A Data Envelopment Analysis-Based Methodology for Ranking Cities and Prioritizing Urban Criteria
Document Type
Article
Keywords
multiple-criteria decision making; data development analysis; fixed-effects model; random-effects model; quality of life; city rankings
Publisher
Springer Nature Link
Publication Source
Information Technology and Management
Rights Management
© 2025 Springer Nature
Abstract
This paper proposes a methodology for ranking cities and prioritizing the criteria that influence these rankings within a multi-criteria decision-making (MCDM) framework.
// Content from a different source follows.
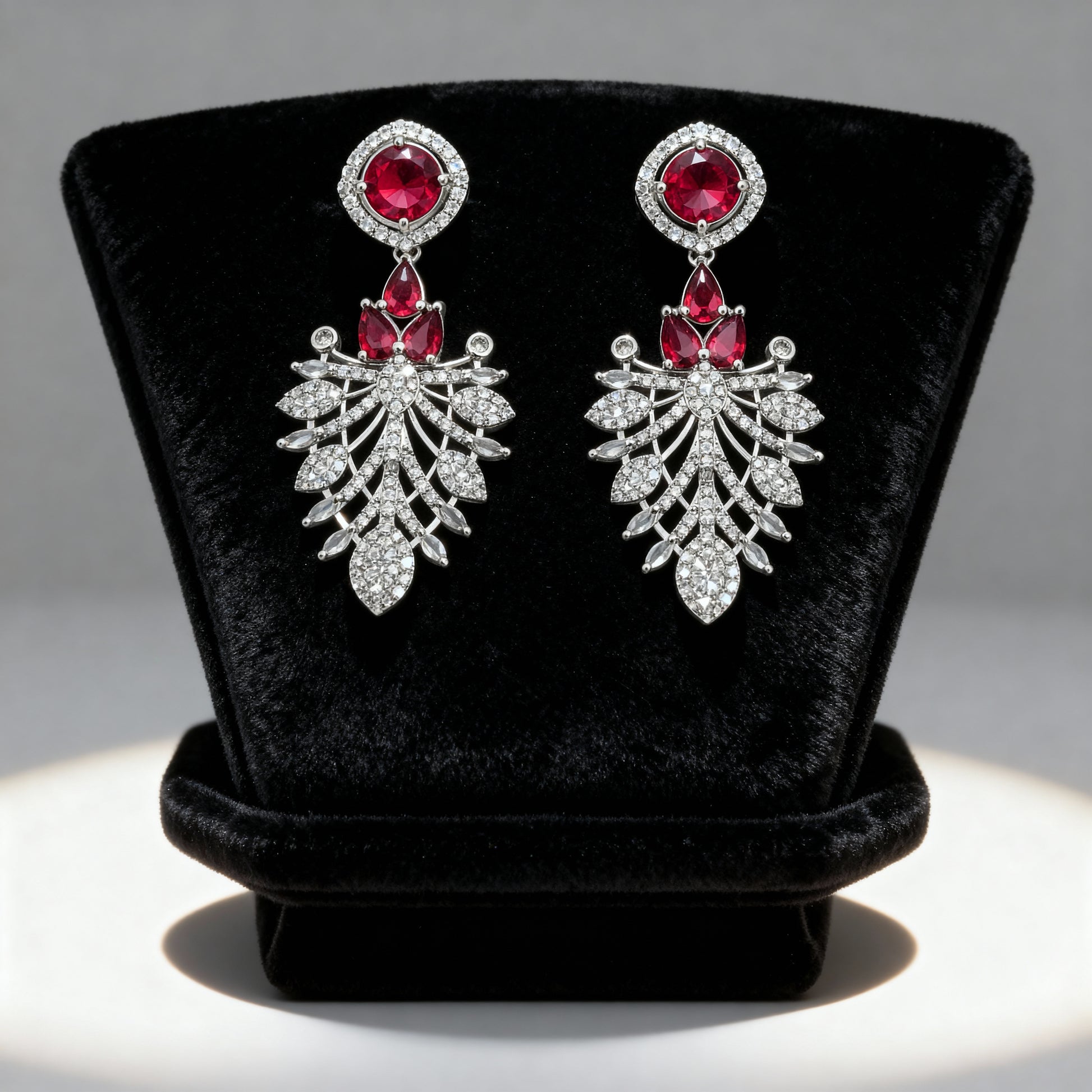 Add a dash of glamour to your look with the Tantaaz Silver-Toned American Diamond Earrings, exquisitely designed in a graceful leaf-shaped drop pattern. Adorned with sparkling white American Diamonds and a vibrant red stone accent, these earrings radiate timeless elegance with a modern touch.

A composite Data Envelopment Analysis (DEA) model is developed to generate a fully ranked list of cities, ensuring robustness through data-driven and non-arbitrary weight assignments. Additionally, fixed-effects and random-effects models are employed to identify the criteria significantly impacting city rankings over time. The performance of these models is compared using the Hausman, Dickey-Fuller, and Breusch-Pagan tests. By analyzing large U.S. cities at five-year intervals from 2000 to 2020, this study determines city rankings and evaluates the influence of various quality-of-life criteria. The results show that cost of living, education, and income have the most substantial impacts on city rankings. These insights offer valuable guidance for policymakers aiming to improve urban socio-economic and environmental attributes. Furthermore, they provide businesses with critical information for strategic planning, market analysis, human resource management, and sustainable development.